[[ INPUT MATERIAL, beginning ]]

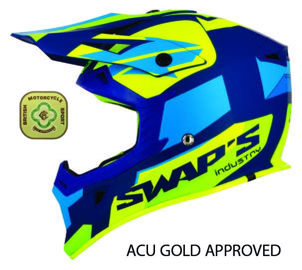 Swaps MX Helmet Xl 62 Blue/yellow, Swap's S818 Full Face Csw3g4105, !! Acu Gold Approved !!
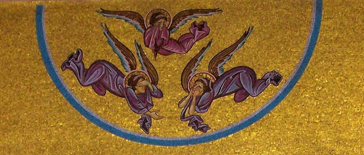 Angels weep at the burial of Jesus in a mosaic from the Church of the Holy Sepulchre in Jerusalem. Photo courtesy of Joshua N. Tilton.
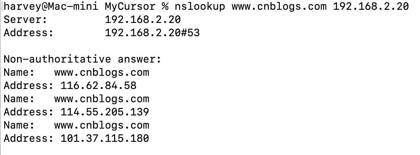 nslookup www.cnblogs.com 192.168.2.20
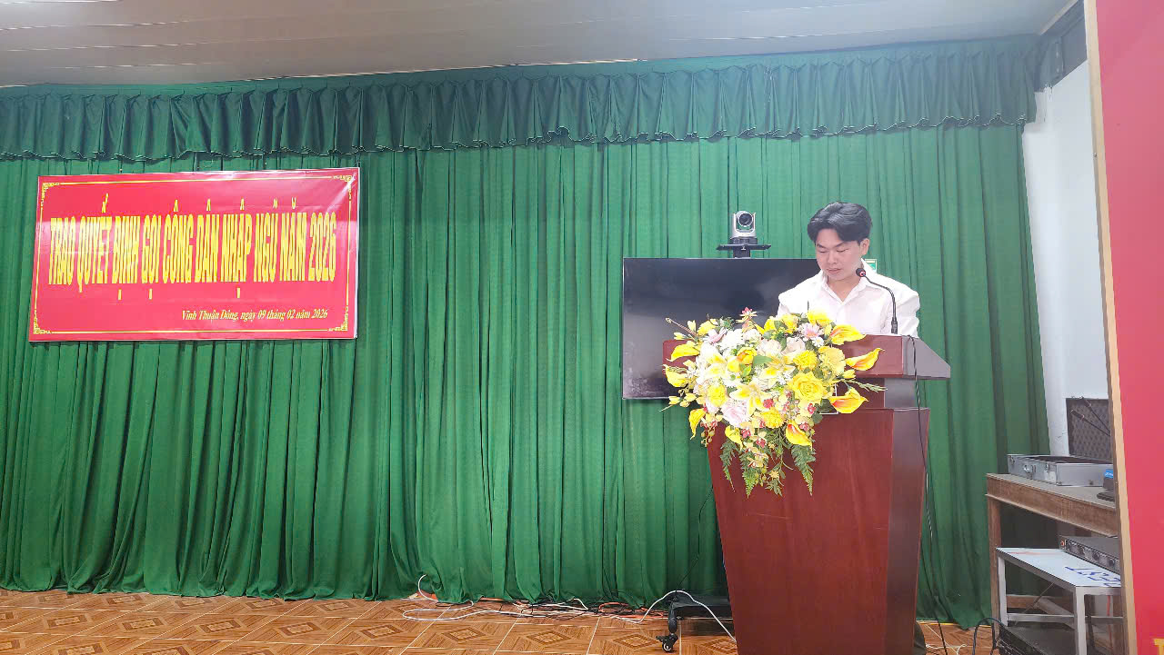 Đại diện thanh niên trúng tuyển nghĩa vụ quân sự năm 2026 phát biểu hạ quyết tâm tại buổi lễ ở Công an xã Vĩnh Thuận Đông.
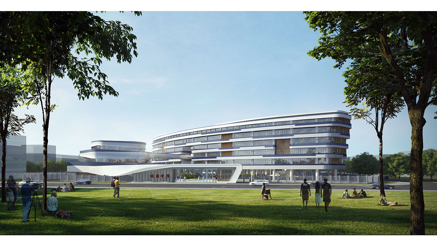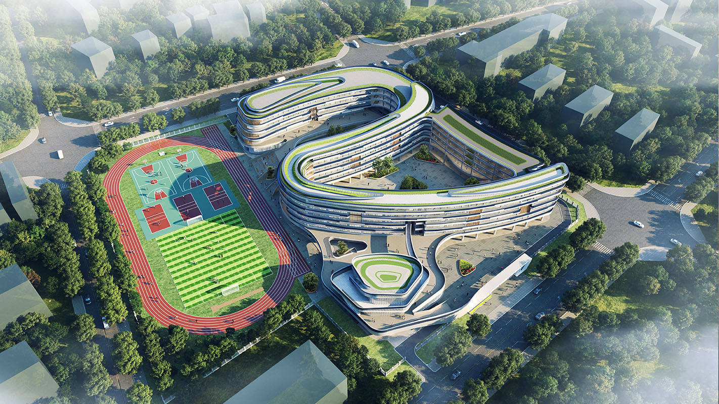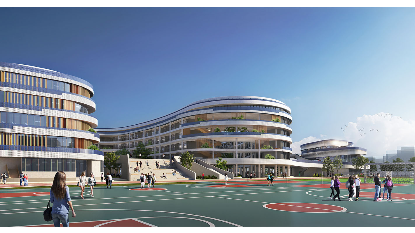 本项目立面造型取“造贝”首字母"Z",以中国传统书法飘逸的形态为基础,结合造贝村前山河畔的山水文化以“笔墨书法流水行水”为构思主题,构筑校园建筑形体;教学楼、综合楼、实验楼、体育馆及艺术楼等各区域有序串联在一起,如水墨笔刷,造型流动。建筑的首层大量架空,穿插其间的庭院设计开阔,便于活动。
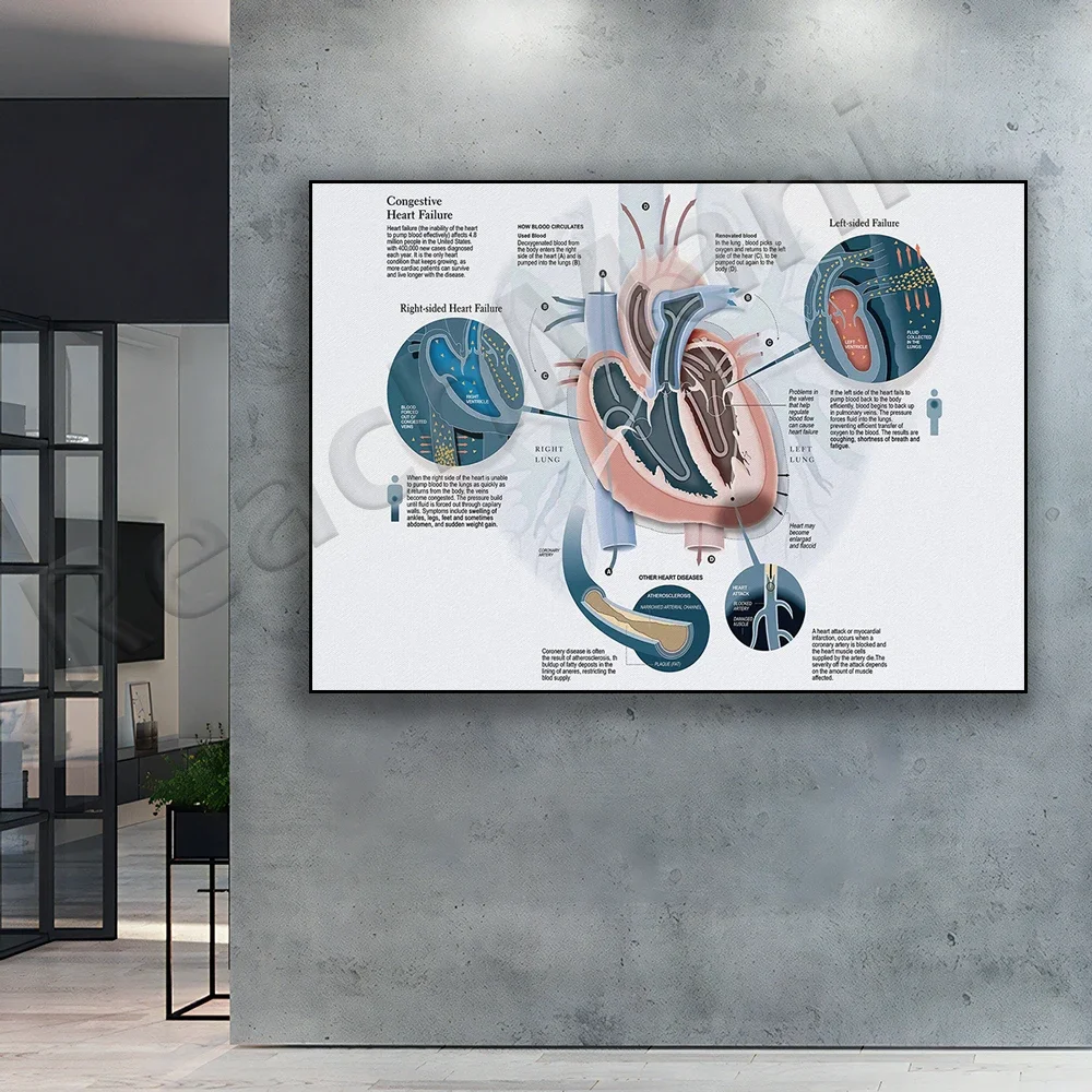 Congestive Heart Failure Horizontal Poster, Heart Failure Awareness Wall Art, Human Heart Medical Wall
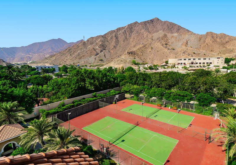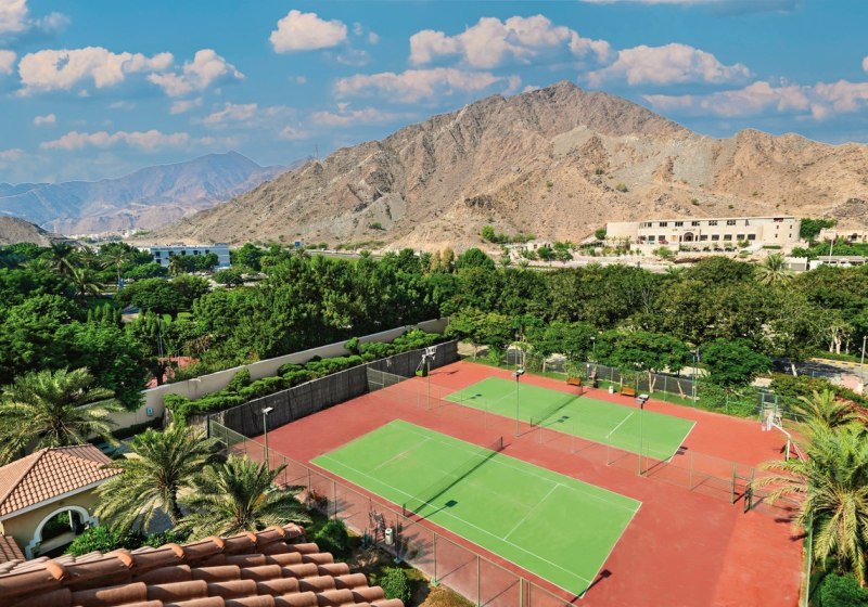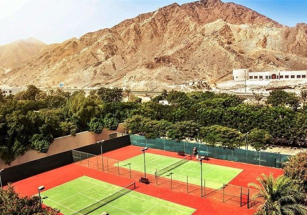 Die Lage überzeugt durch Direktzugang zum langen Sandstrand von Al Aqah. Das Hajar-Gebirge rahmt die Küste und verleiht der Umgebung Struktur und Weite. Bis zum Flughafen Dubai (DXB) sind es etwa 146 Kilometer, Ihr reist also bewusst an, um Strandtage und Naturkulisse zu kombinieren.
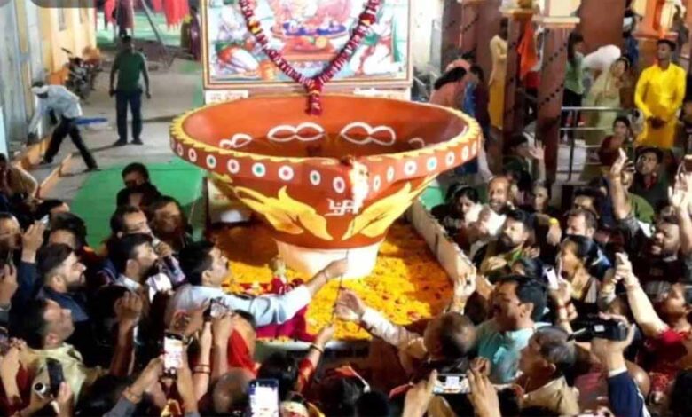 प्राण-प्रतिष्ठा महोत्सव को लेकर तुलजा भवानी माता मंदिर परिसर में 1008 किलो वजनी प्रदेश का सबसे बड़ा दीपक प्रज्वलित किया
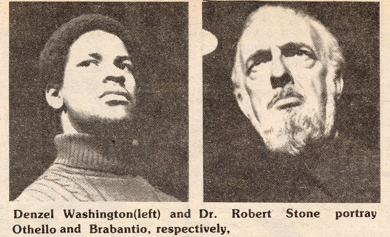 A 22-year-old Denzel Washington plays Othello opposite Diane Hammarth, one of two actresses who played Desdemona in the 1977 Fordham production.
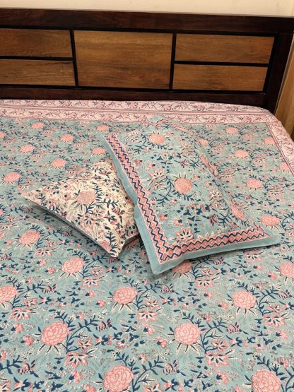 Sanganeri Handblock Printed Cotton King Size Bedsheet – Blue Garden
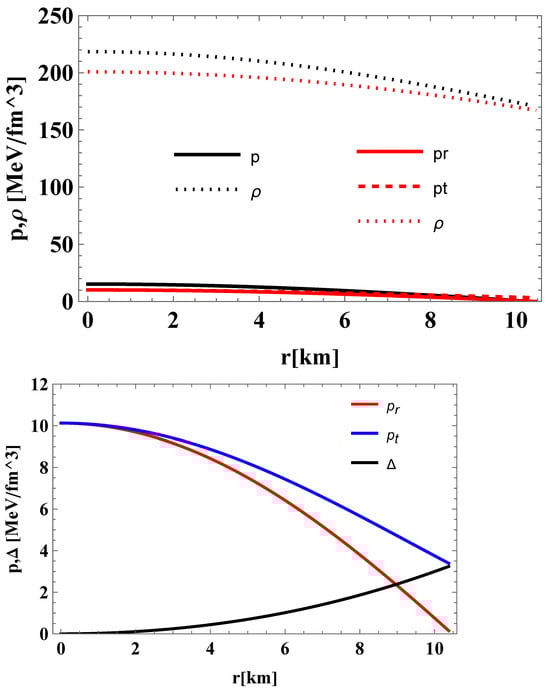 Next, all the quantities of interest, such as sound speed, factor of anisotropy, etc., versus r are displayed in the Figure 2 and Figure 3 below. In particular, Figure 3 shows the speed of sound and the relativistic adiabatic index, in both directions, versus r. In the lower panel of Figure 2, it is observed that the tangential pressure is larger than the radial one, and so the anisotropic factor is positive. For the sake of comparison, we show in the same plot (upper panel of Figure 2) the energy density and the pressure of a quark star made of isotropic matter. The red color corresponds to the analytic solution discussed here, whereas the black color corresponds to the quark star assuming a linear EoS of the form (extreme model SQSB40) []
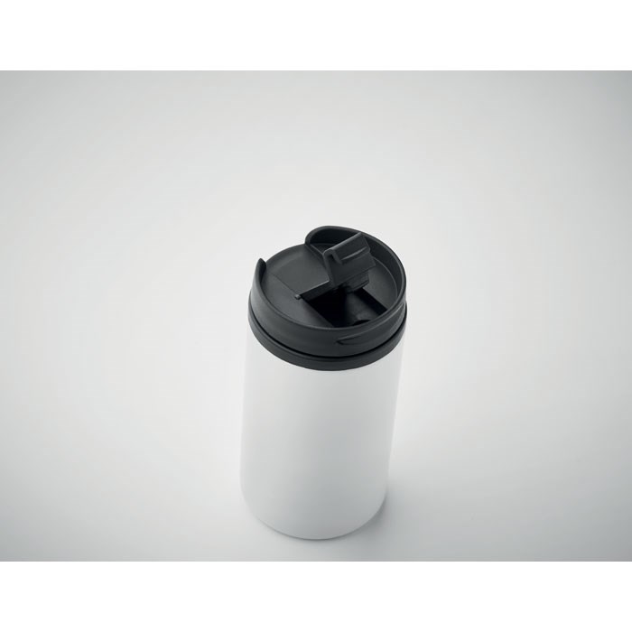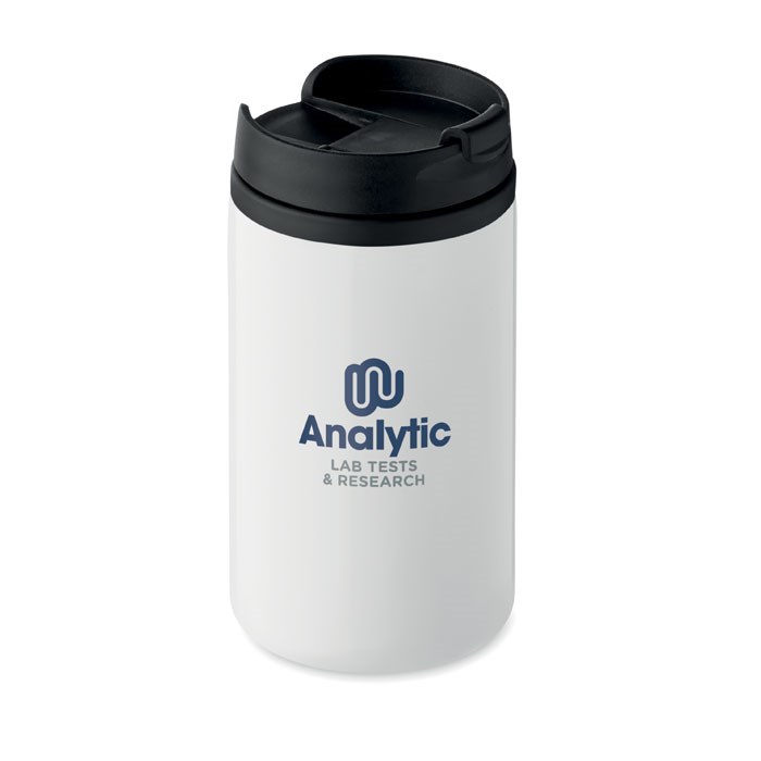 Doppelwandiger Trinkbecher aus Edelstahl. Innenbeschichtung aus PP. Füllmenge: 250 ml.
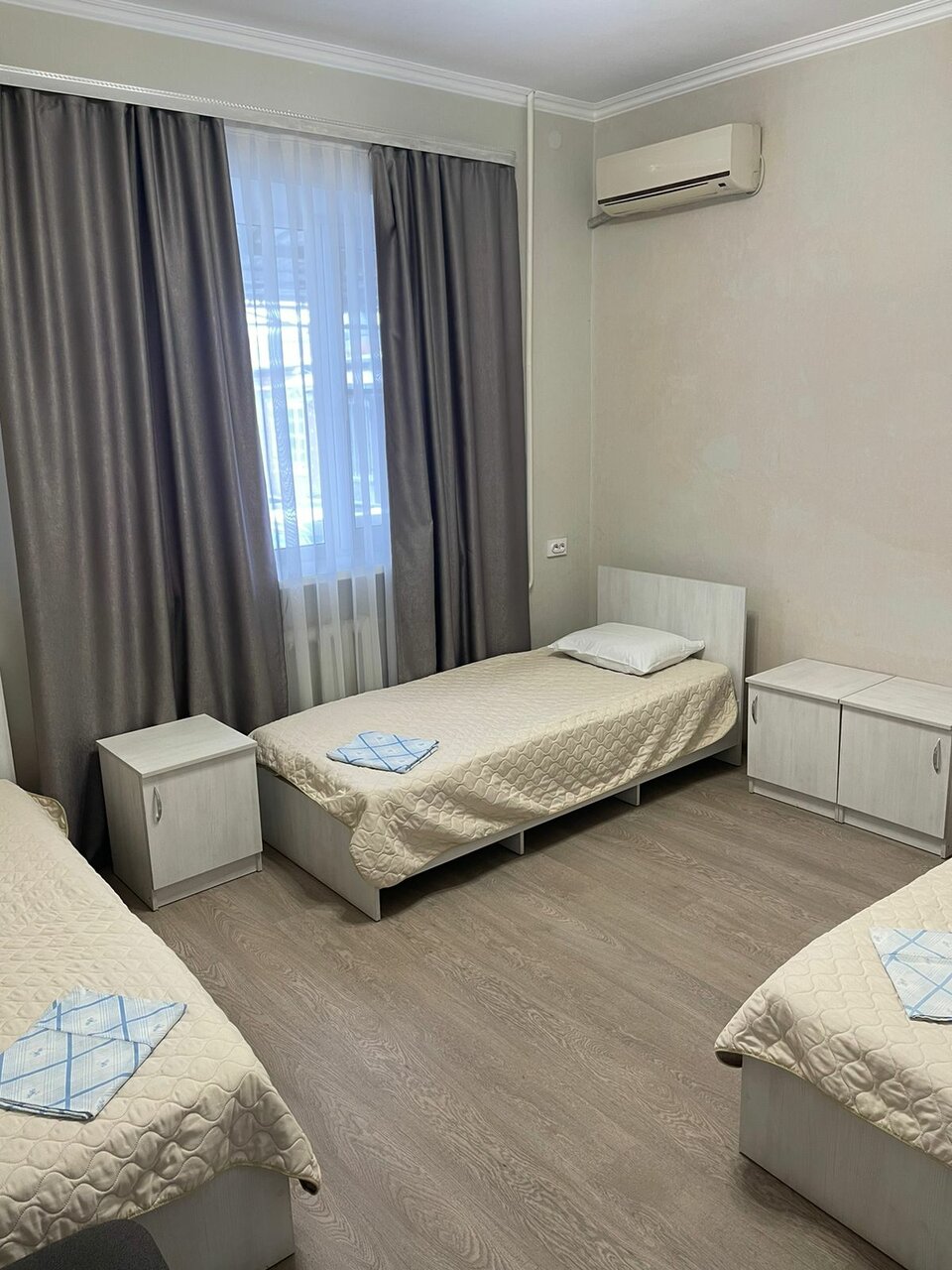 Трехкомнатный четырехместный номер с удобствами: телевизором, кондиционером, душем, холодильником, санузлом и Wi-Fi.
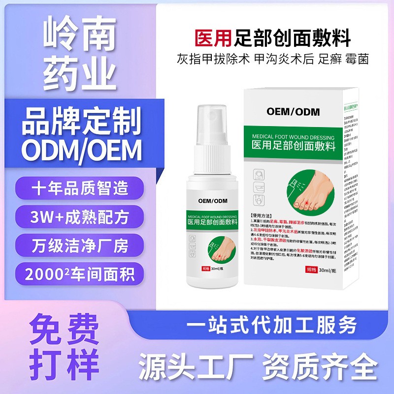 定制医用足部创面敷料贴牌臭脚喷雾剂去脚气水泡脚止痒脱皮药喷剂,代工智造
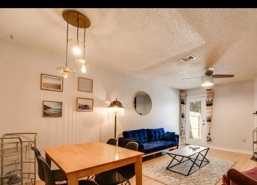 Built in the 80s, Lil Blue sported popcorn ceilings everywhere. And although that first Zillow photo may look alright, it gave a stuffy feel to the house and desperately needed to be removed if we were going to create the sense of openness that I envisioned.
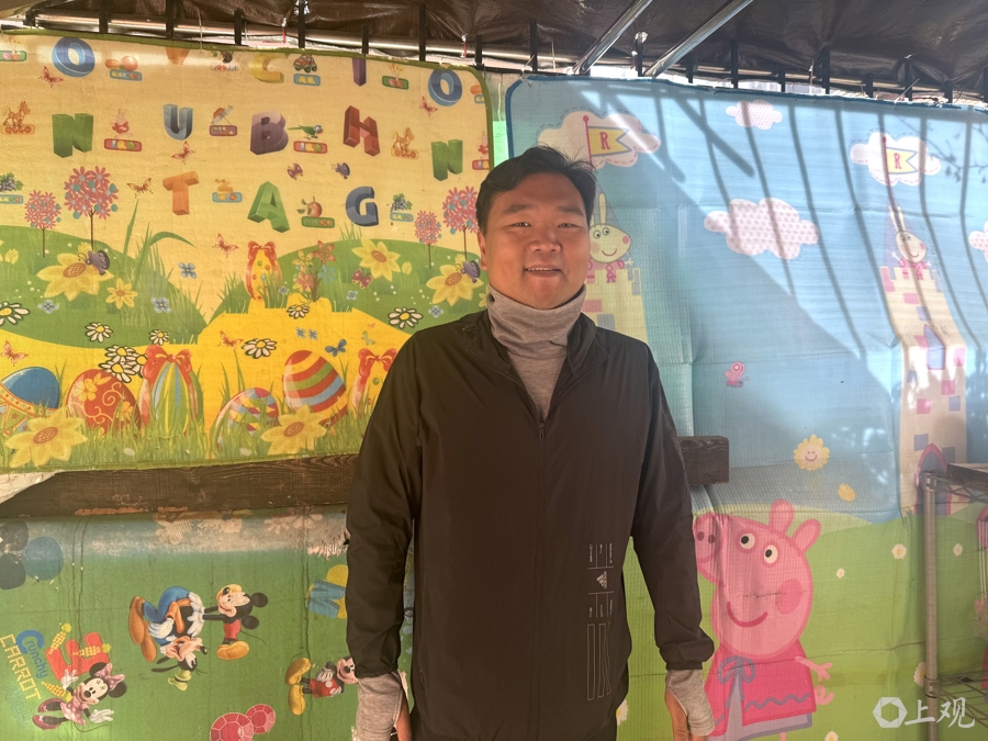 杨臻在江南新村家中的院子里,背景是他为女儿贴的卡通画。 舒抒 摄
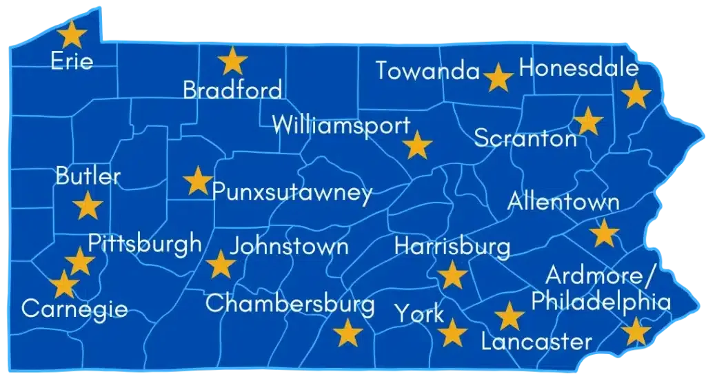 We proudly serve property owners across Pennsylvania, from major metro areas like Philadelphia and Pittsburgh to smaller towns across the state.

[[ INPUT MATERIAL, end ]]

## EXERCISE DETAILS
Pictures excluded, reproduce only the part above that opens with the line holding "प्राण-प्रतिष्ठा महोत्सव को" and closes with the line holding "Sanganeri Handblock Printed", exactly as written.

## PROBLEM SOLUTION
 प्राण-प्रतिष्ठा महोत्सव को लेकर तुलजा भवानी माता मंदिर परिसर में 1008 किलो वजनी प्रदेश का सबसे बड़ा दीपक प्रज्वलित किया
 A 22-year-old Denzel Washington plays Othello opposite Diane Hammarth, one of two actresses who played Desdemona in the 1977 Fordham production.
 Sanganeri Handblock Printed Cotton King Size Bedsheet – Blue Garden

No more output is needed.